Quote every line below exactly and skip any picture.

**Supplied material**:
————

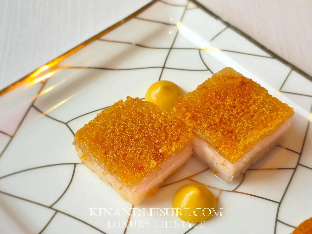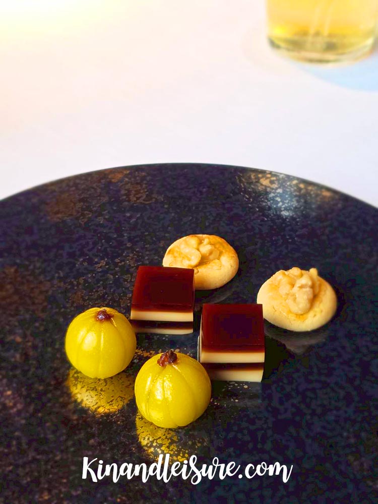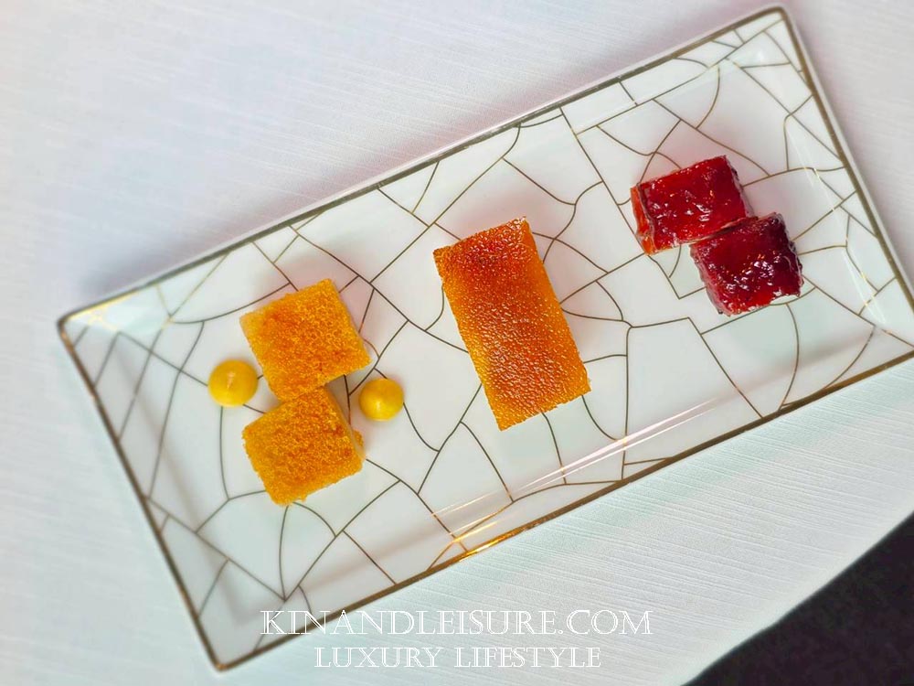 ธรรมเนียมการเสิร์ฟ Petite Fours ของที่นี่คือการสะท้อนถึงวัฒนธรรมการดื่มชาและการทานขนมมงคลของจีน โดยในเซต Lunch นี้ เชฟได้รังสรรค์มาถึง 3 รูปแบบที่มีเนื้อสัมผัสต่างกันโดยสิ้นเชิง
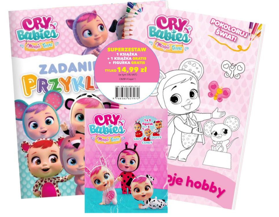 Wejdź do magicznego świata Cry Babies i przeżyj wyjątkową przygodę pełną kolorów, naklejek i niespodzianek! W zestawie znajdziesz 2 książeczki pełne zabawy i kreatywnych zadań oraz losową figurkę jednej z ulubionych bohaterek - Coney, Dotty lub Lady.
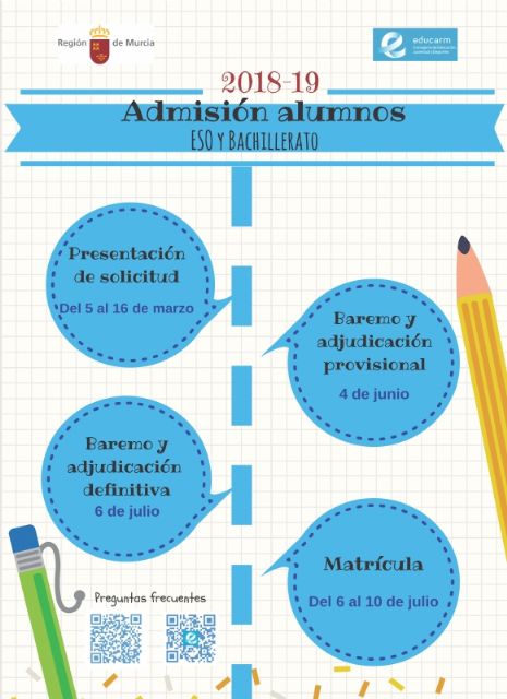 Otros criterios de puntuación significativos: alumno con discapacidad (4 puntos); y padres o hermanos con discapacidad (0,5 hasta un total de 2 puntos).Toda la información del proceso, junto a la documentación correspondiente, será publicada en la sección 'Admisión de alumnos' del portal Educarm.
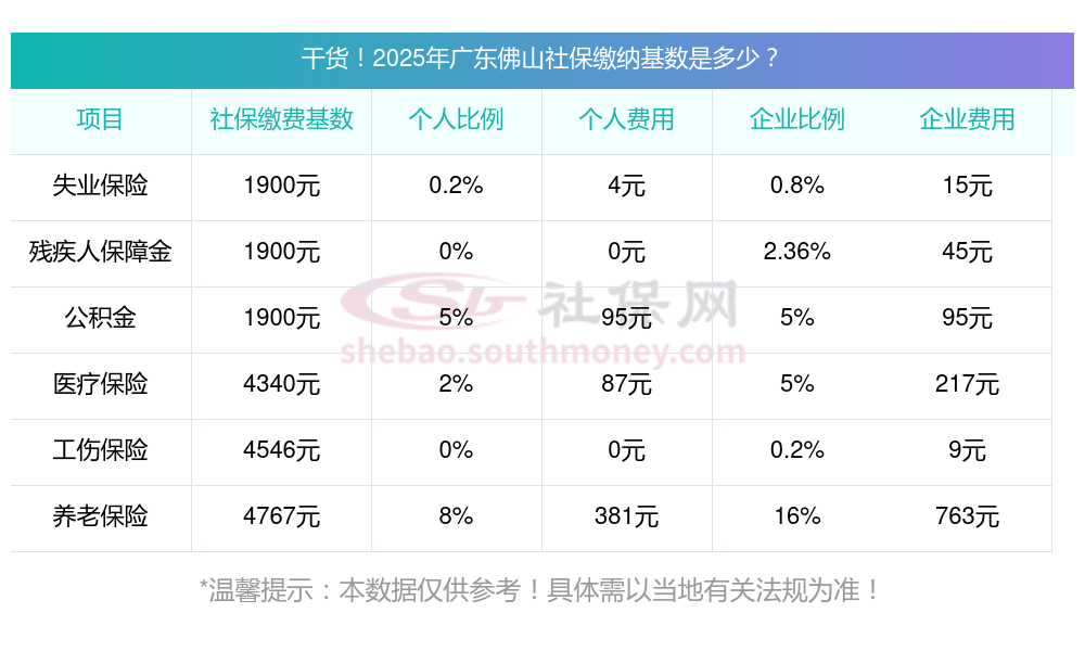 2025年广东佛山社会养老缴纳基数及比例一览表 广东佛山个人缴纳社保每月要多少钱?社保缴费数额的确定受缴费基数、缴费比例,以及当地法规在社保方面的具体法规等多种因素影响。

————

**Task answer**:
 ธรรมเนียมการเสิร์ฟ Petite Fours ของที่นี่คือการสะท้อนถึงวัฒนธรรมการดื่มชาและการทานขนมมงคลของจีน โดยในเซต Lunch นี้ เชฟได้รังสรรค์มาถึง 3 รูปแบบที่มีเนื้อสัมผัสต่างกันโดยสิ้นเชิง
 Wejdź do magicznego świata Cry Babies i przeżyj wyjątkową przygodę pełną kolorów, naklejek i niespodzianek! W zestawie znajdziesz 2 książeczki pełne zabawy i kreatywnych zadań oraz losową figurkę jednej z ulubionych bohaterek - Coney, Dotty lub Lady.
 Otros criterios de puntuación significativos: alumno con discapacidad (4 puntos); y padres o hermanos con discapacidad (0,5 hasta un total de 2 puntos).Toda la información del proceso, junto a la documentación correspondiente, será publicada en la sección 'Admisión de alumnos' del portal Educarm.
 2025年广东佛山社会养老缴纳基数及比例一览表 广东佛山个人缴纳社保每月要多少钱?社保缴费数额的确定受缴费基数、缴费比例,以及当地法规在社保方面的具体法规等多种因素影响。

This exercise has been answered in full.